# Reformed Theological Seminary - Charlotte



## Soli Deo Gloria (Dec 22, 2011)

I was just wondering if anyone could give me some information and thoughts on Reformed Theological Seminary in Charlotte. I am currently considering their DMin program and was just curious about what the reputation of RTS-Charlotte is.

I was also wondering if a Reformed Baptist (for now at least) would feel welcome there or a little out of place?

Thanks in advance.


----------



## CharlieJ (Dec 22, 2011)

I don't know about the quality of the DMin program, but I had several Baptist friends who attended there, and all of them had a very positive experience. I believe that one of the professors (James Anderson) is a Baptist.


----------



## SolaScriptura (Dec 22, 2011)

I have a very good friend who is one class away from finishing the coursework for his DMin there. He got in under the (now cancelled, I believe) emphasis in Reformed Theology.


----------



## Soli Deo Gloria (Dec 22, 2011)

Thank you Charlie...that is good to hear.

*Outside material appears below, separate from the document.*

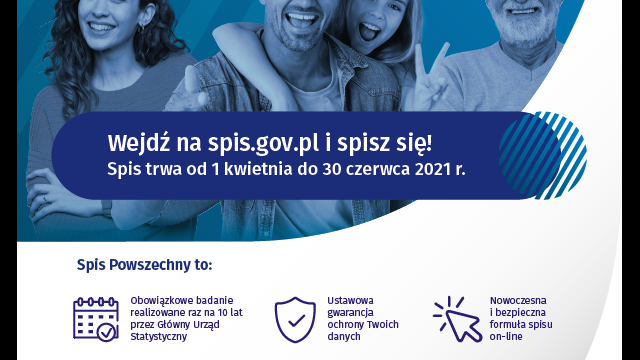 Od 1 kwietnia br. trwa Narodowy Powszechny Ludności i Mieszkań 2021. Spisu można dokonać na stronie https://SPIS.GOV.PL . Można też skorzystać z infolinii i wypełnić obowiązek spisowy przez spis przez telefon – numer telefonu to 22 279 99 99.
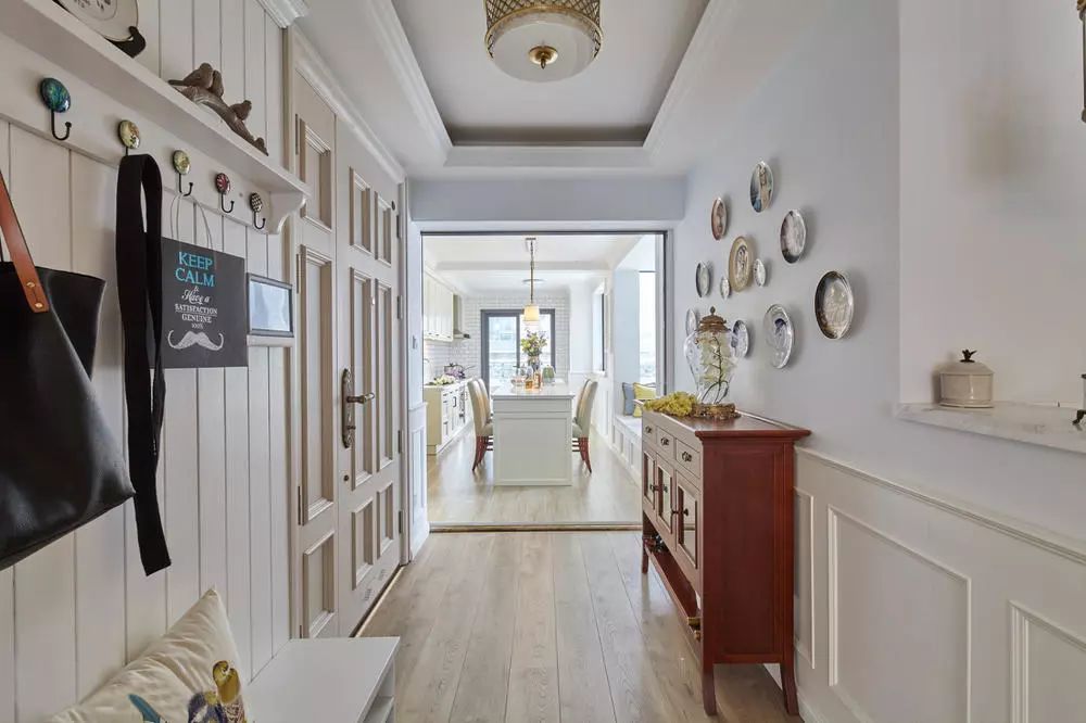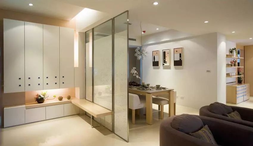 一进门就是入户玄关,在玄关处打一柜方便存放鞋子、钥匙、包包等,如果空间足够还能存放一些其他生活物品。这样玄关处就变得整洁了。

Ben, has your friend enjoyed the program and his time at RTS? The current emphasis at RTS-Charlotte is Church Revitalization. However, one can choose to just pursue the general DMin and select any 4 electives plus the four required courses.

btw, I believe we were in a class together at SBTS. I graduated from SBTS in Dec. 2008. Did you take Brand's course on Augustine?


----------



## SolaScriptura (Dec 22, 2011)

Soli Deo Gloria said:


> Thank you Charlie...that is good to hear.
> 
> Ben, has your friend enjoyed the program and his time at RTS? The current emphasis at RTS-Charlotte is Church Revitalization. However, one can choose to just pursue the general DMin and select any 4 electives plus the four required courses.
> 
> btw, I believe we were in a class together at SBTS. I graduated from SBTS in Dec. 2008. Did you take Brand's course on Augustine?



My friend has thoroughly enjoyed his time at RTS. 

Yes, I took the course on Augustine... back in '05 I think. I don't remember you at all though. I must have made quite... an impression... for you to remember me over 6 years later.


----------



## Soli Deo Gloria (Dec 22, 2011)

SolaScriptura said:


> My friend has thoroughly enjoyed his time at RTS.
> 
> Yes, I took the course on Augustine... back in '05 I think. I don't remember you at all though. I must have made quite... an impression... for you to remember me over 6 years later.



That is good to know that about your friend. Thanks.

As for remembering you, I've been reading these boards for years (since around the time I was taking that course at Southern). I don't post that much but I've read some of your posts in the past and recognized you back around then as someone who was in the class.

Blessings to you and your ministry brother.


----------